John Krumme CPP, president & chief executive officer, Cam- Dex Security Corp., Kansas City, Kan. and St. Louis. He is also secretary of SecurityNet :  Five years ago we weren't working directly with IT managers. Today, every system has the involvement of the end-user's IT department. By using the end-user's network we are able to design a more robust system and enable more associates within the company to view.  

Paul Owen, regional vice president, ADS Security L.P., Nashville and 2009 president-elect of the Tennessee Burglar and Fire Alarm Association. ADS operates a UL-listed, Five-Diamond central station: The IT person has really moved to the front of the line in terms of dealing with the end-user.
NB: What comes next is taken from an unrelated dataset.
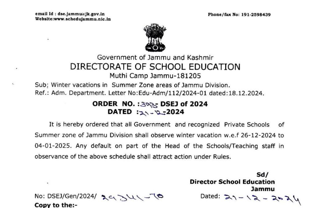 Good News: Schools in Jammu Division will observe winter holidays starting December 26.

They are protective of their network; and if we do want a network solution, we have to build our own.

Richard A. Penney, Viscom Systems Inc., Watertown , Mass. : We have noticed a process of close coordination in the bid and build process between security consultants, architects, general contractors, end users and the integrator on larger projects in particular. Security has moved from the end of the process to the front since the events of 9/11. As a result, the integrator's role of providing cost effective solutions and value engineering in a team environment has been the most significant change.

How are technological changes effecting who you deal with on a project?

Freschi : Security management is still the primary contact as these professionals have the expertise to establish security objectives. Depending on the nature of a project--new design-build versus upgrading an existing system—architects and engineers, builders, electrical contractors and other operations personnel may be involved in the process.

Kruglak : As the technology shifts more to integration with HR and AD, the role of the IT manager is increasing. For our clients, the security director is still calling the shots.